Rosemary Lamb Steak with Garlic Potatoes

This is an example of a meal that Solin would create to include in your personalized meal plan.

Rosemary Lamb Steak with Garlic Potatoes

YOUR SOLIN GENERATED RECIPE

Rosemary Lamb Steak with Garlic Potatoes

Pan-seared lamb steaks infused with fragrant rosemary and served alongside crispy, golden garlic-roasted potatoes and tender steamed green beans.

NUTRITION

548kcal
Protein
40.9g
Fat
21.9g
Carbs
48.1g

SERVINGS

1 serving

INGREDIENTS

6 oz Lamb leg steak

1 medium Red potato

2 cloves Garlic

1 sprig Fresh rosemary

1 tsp Avocado oil

0.25 tsp Sea salt

0.25 tsp Black pepper

1 cup Green beans

PREPARATION

  • 1

    Preheat your oven to 400°F (200°C).

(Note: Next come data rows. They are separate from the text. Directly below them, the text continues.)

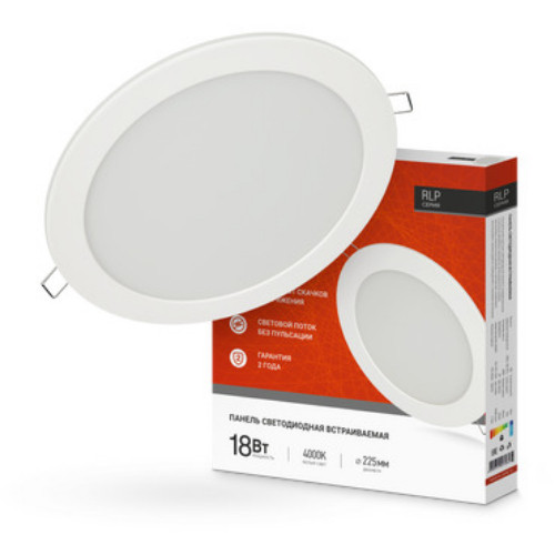 Полное описание товара Панель светодиодная встраиваемая круглая RLP 18Вт 230В 4000К 1080Лм 225мм белая IP40 IN HOME (IN-HOME) 4690612007984
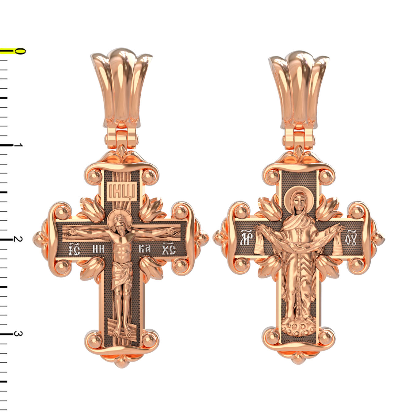 На оборотной стороне креста изображена икона Божией Матери «Покров Пресвятой Богородицы». Праздник Покрова Пресвятой Богородицы пришел на Русь в XII веке из Византии и стал одним из самых почитаемых. В 910 году Византийской Империи угрожали нападением сарацины. Не видя ниоткуда помощи, в те дни греки во множестве стекались в Константинополь, во Влахернский храм, в котором хранились риза Богоматери и Ее головной покров, и молились. 1 (14) октября 910 года Святому Андрею Юродивому и его ученику Епифанию было видение Покрова Божией Матери. Пресвятая Богородица, в окружении Святых, явилась над алтарем Храма и слезно молилась. По окончании молитвы сняла с Себя блистающее великое и страшное покрывало, которое носила на Пречистой главе Своей и, держа его с великой торжественностью, распростерла над всем стоящим народом. Вскоре враги без всякого кровопролития отступили от города. Богородица простирает Свой молитвенный покров над всеми православными христианами и умоляет Сына своего о даровании вечного спасения каждому человеку.
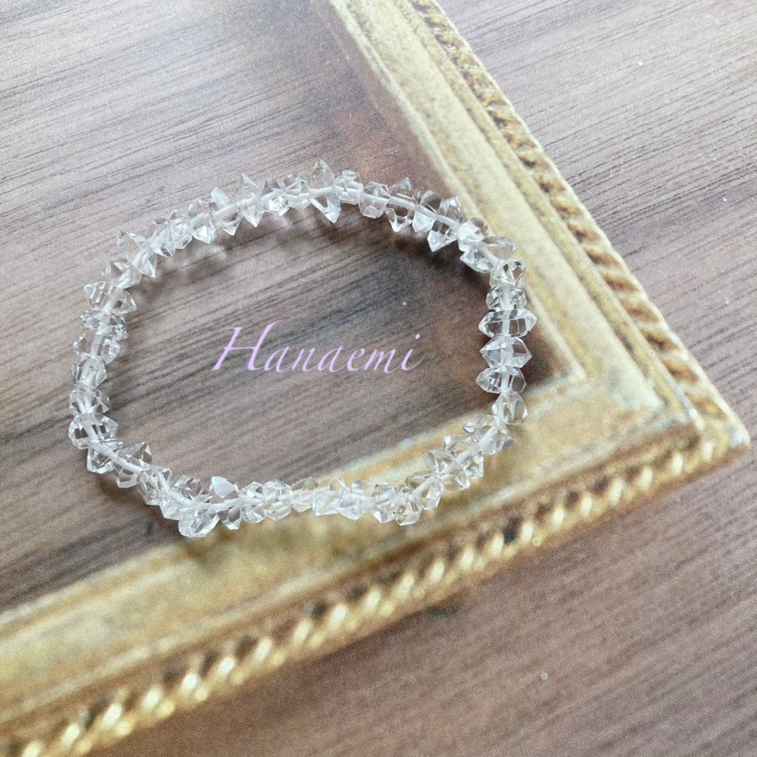 透き通るシャープなクリア感が非常に美しいハーキマーダイヤモンドですが、意識の拡大に良いと言われる天然石でも有ります。また、エネルギーも強いと一目置かれる石でも有り、ご縁の有る方の元で太陽の光をたくさん吸収し輝きを増し、着ける方のエネルギーも輝く事を願って作成いたしました。
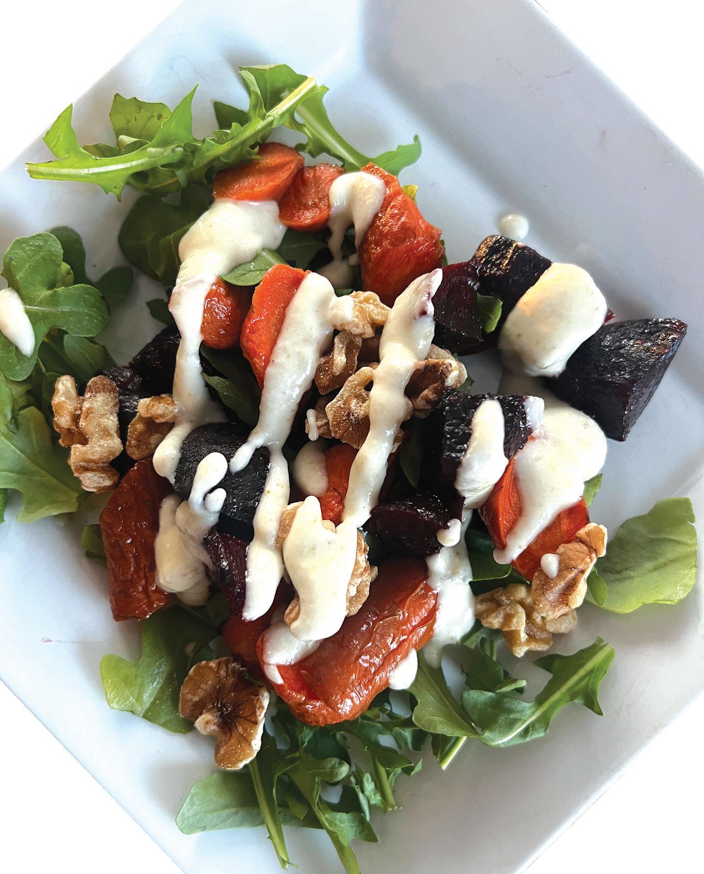 When I was asked to write a recipe for this issue of What’s Up Yukon, I decided to call in a real expert and asked local dietician and dreamboat Anna Ly (@fueled.by.Anna, www.fueledbyanna.com) for her advice on taking the world’s greatest poop. Topping fresh baby arugula with roasted beets and carrots, then drizzling them with a dressing made from a fibrefilled combination of pears and hemp hearts doubles down on nutritional value. Topping the salad, with nuts, adds some protein and crunch and makes this a “buttfriendly” salad that’s easy to take to work or serve alongside a piece of roasted meat or fish.
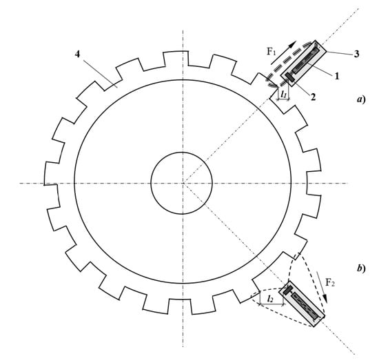 Principle of the operation of the ME CKP. (a) ME sensor is located above the tooth; (b) ME sensor is located between the teeth in the gap.
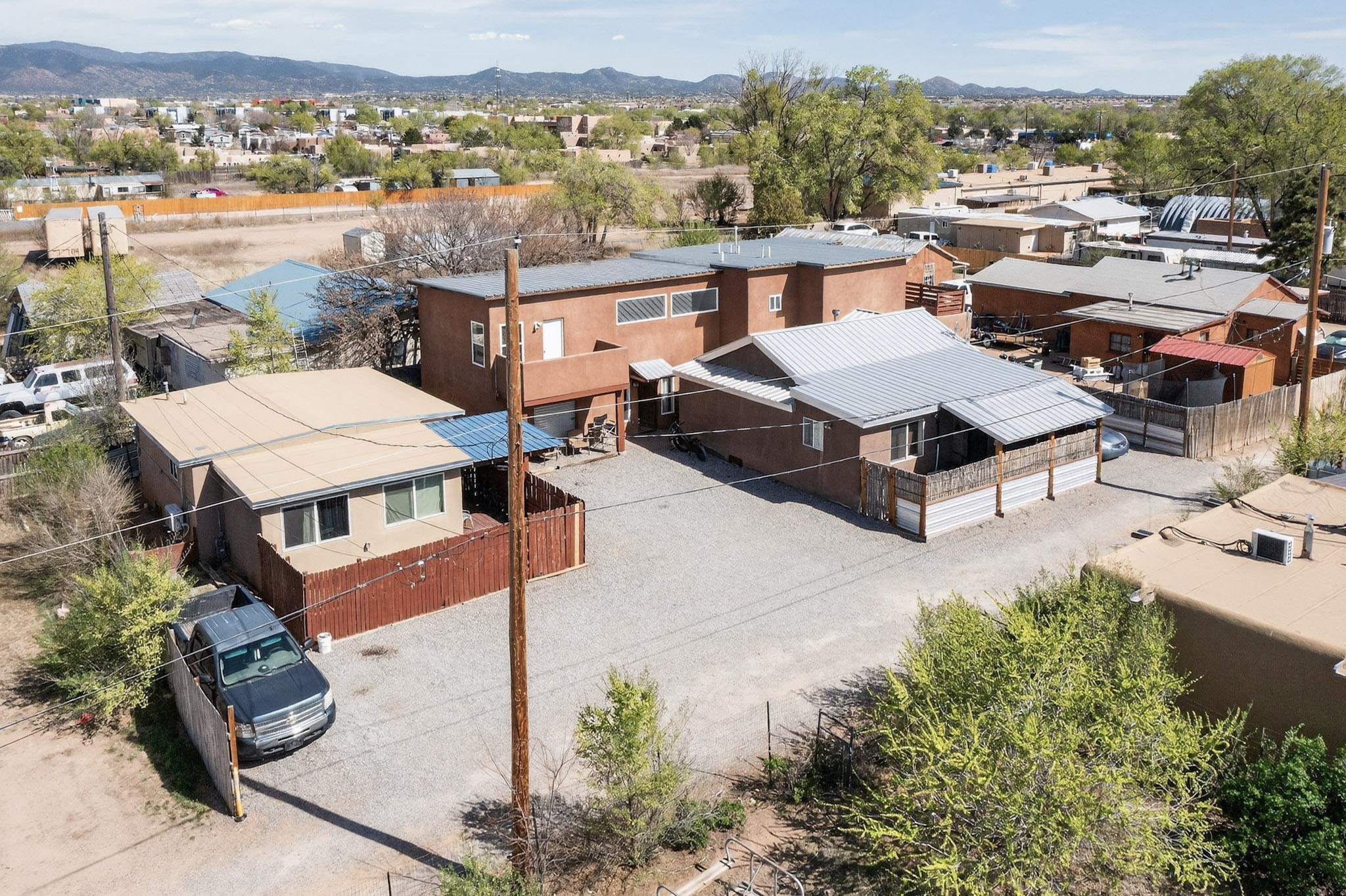 Exceptional investment and multi-generational living opportunity in the heart of Santa Fe! This versatile triplex features three distinct, updated units offering comfort, functionality, and modern appeal. The front home includes new flooring, updated countertops, windows, doors, water heater, breaker box, propanel roof, and washer/dryer. The casita shines with new flooring, cabinetry, windows, plumbing, and breaker panel--ideal for guests or rental income. The spacious two-story main home offers new flooring, updated windows and doors, remodeled baths, upgraded kitchen cabinetry, electric fireplace, and new breaker box. Perfect for income, extended living, or portfolio growth!

Dice the red potato into 1/2-inch cubes and mince the garlic cloves.

  • 2

    Toss the potato cubes with half of the avocado oil, half of the minced garlic, and a pinch of sea salt and pepper on a baking sheet.

  • 3

    Roast the potatoes for 20-25 minutes, flipping halfway through, until they are golden and crispy.

  • 4

    While the potatoes roast, season the lamb steak with the remaining sea salt and black pepper.

  • 5

    Heat the remaining avocado oil in a cast-iron skillet over medium-high heat. Add the lamb steak and the rosemary sprig to the pan.

  • 6

    Sear the lamb for 3-4 minutes per side for medium-rare, basting with the rosemary-infused oil. Remove from heat and let rest for 5 minutes.

  • 7

    Steam the green beans for 4-5 minutes until tender-crisp and bright green.

  • 8

    Plate the lamb steak alongside the garlic potatoes and green beans, garnishing with the roasted rosemary if desired.